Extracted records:
▽
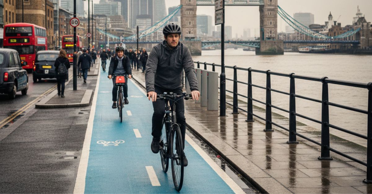 As you continue west, landmarks begin to appear more frequently. The outline of Tower Bridge becomes visible in the distance, and the river narrows slightly, drawing you toward central London. Riding near Tower Bridge is often a highlight. The bridge itself feels theatrical, especially when approached by bike. The blue suspension elements and stone towers frame the road in a way that makes you instinctively slow down and look around. Tourists gather with cameras, boats pass beneath, and for a moment, you feel woven into a classic London scene. Beyond this point, the city grows denser. The financial district around Bank and Monument brings busier streets and a sharper pace. Dedicated cycle lanes help, but awareness is key. Buses, black cabs, and delivery vans all share the space. Still, there’s an undeniable thrill in navigating through it all. Every junction feels like a small victory. You’re not just observing London; you’re participating in it.
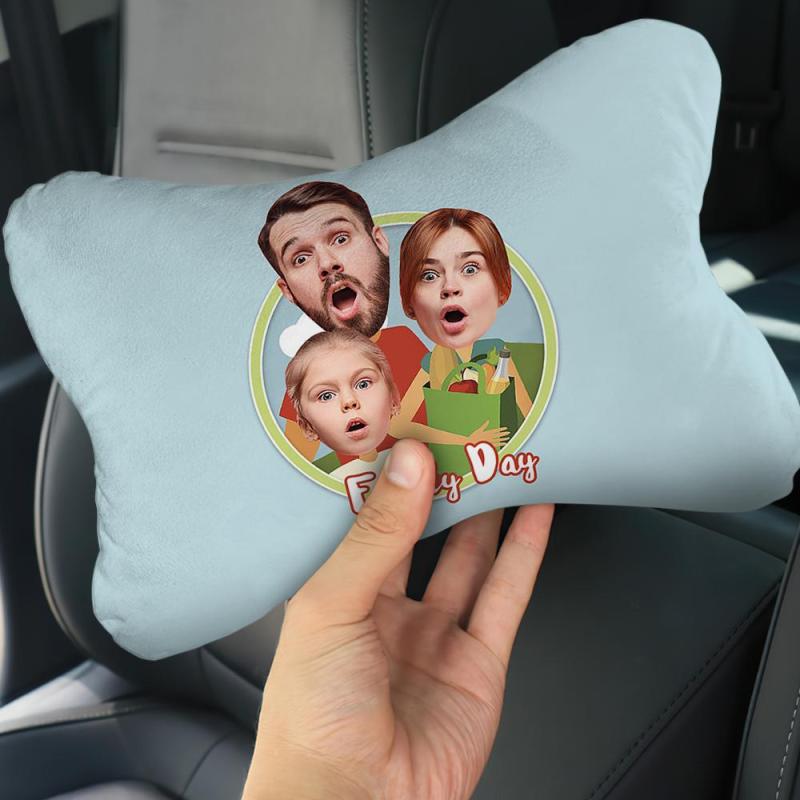 Custom Face Car Neck Pillow Family Theme With Your Photo
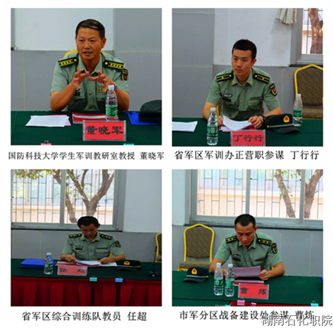 9月6日上午,中国人民解放军湖南陆军预备役步兵师师长刘亚兵一行莅临我院督察军训工作。9月15日下午,我院迎来国防科技大学学生军训教研室教授董晓军、省军区军训办正营职参谋丁行行、省军区综合训练队教员任超、市军分区战备建设处参谋曹炼等领导来校督察军训工作,并举行了座谈会。学院副院长孙雷同志、教务处处长黄建华同志、武装部部长湛佳同志、石化技术工程系党支部书记刘顺清同志、石化管理工程系党支部副书记王列明同志出席了座谈会。
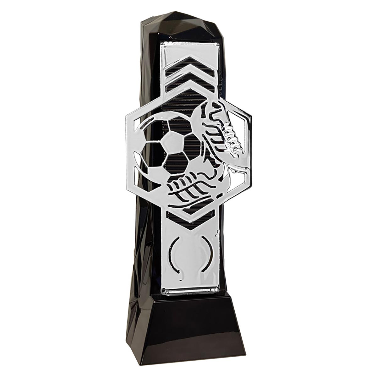 Large black plastic henge football trophy with silver football hex front. Engraving plate and club logo can be applied to the front.
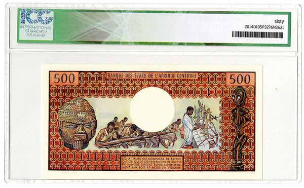 Central African Republic. Issued 500 Francs, ND (1974), P-1 BEAC B1a. ICG AU/UNC 60. FCOF.
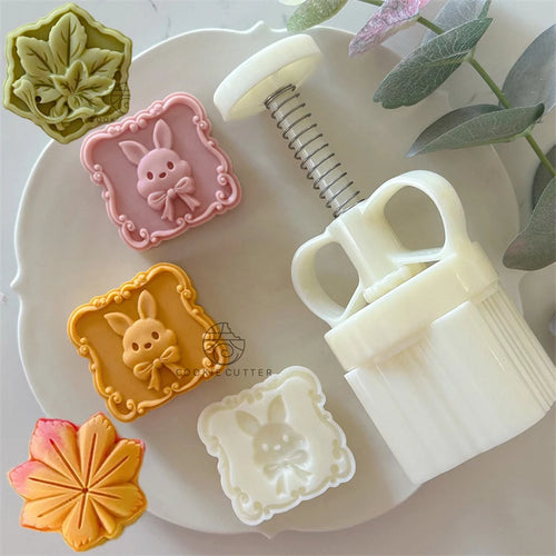 3 Styles Rabbit Leaf Pattern DIY Baking Mooncake Mold Hand Press Pastry Mold for Cake Decor Mid- Autumn Festival Bakeware Tools
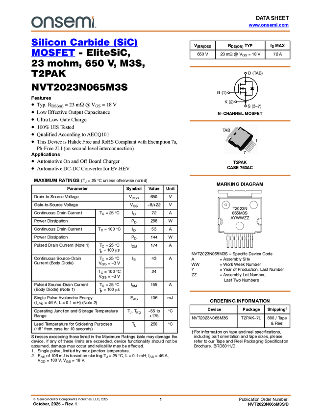 NVT2023N065M3S Silicon Carbide (SiC) MOSFET – EliteSiC, 23 mohm, 650 V, M3S, T2PAK
△
BRIEF:
Using the data above, return the lines from the one holding "Large black plastic" through the one holding "Central African Republic." exactly, but not the pictures.

WRITTEN SOLUTION:
 Large black plastic henge football trophy with silver football hex front. Engraving plate and club logo can be applied to the front.
 Central African Republic. Issued 500 Francs, ND (1974), P-1 BEAC B1a. ICG AU/UNC 60. FCOF.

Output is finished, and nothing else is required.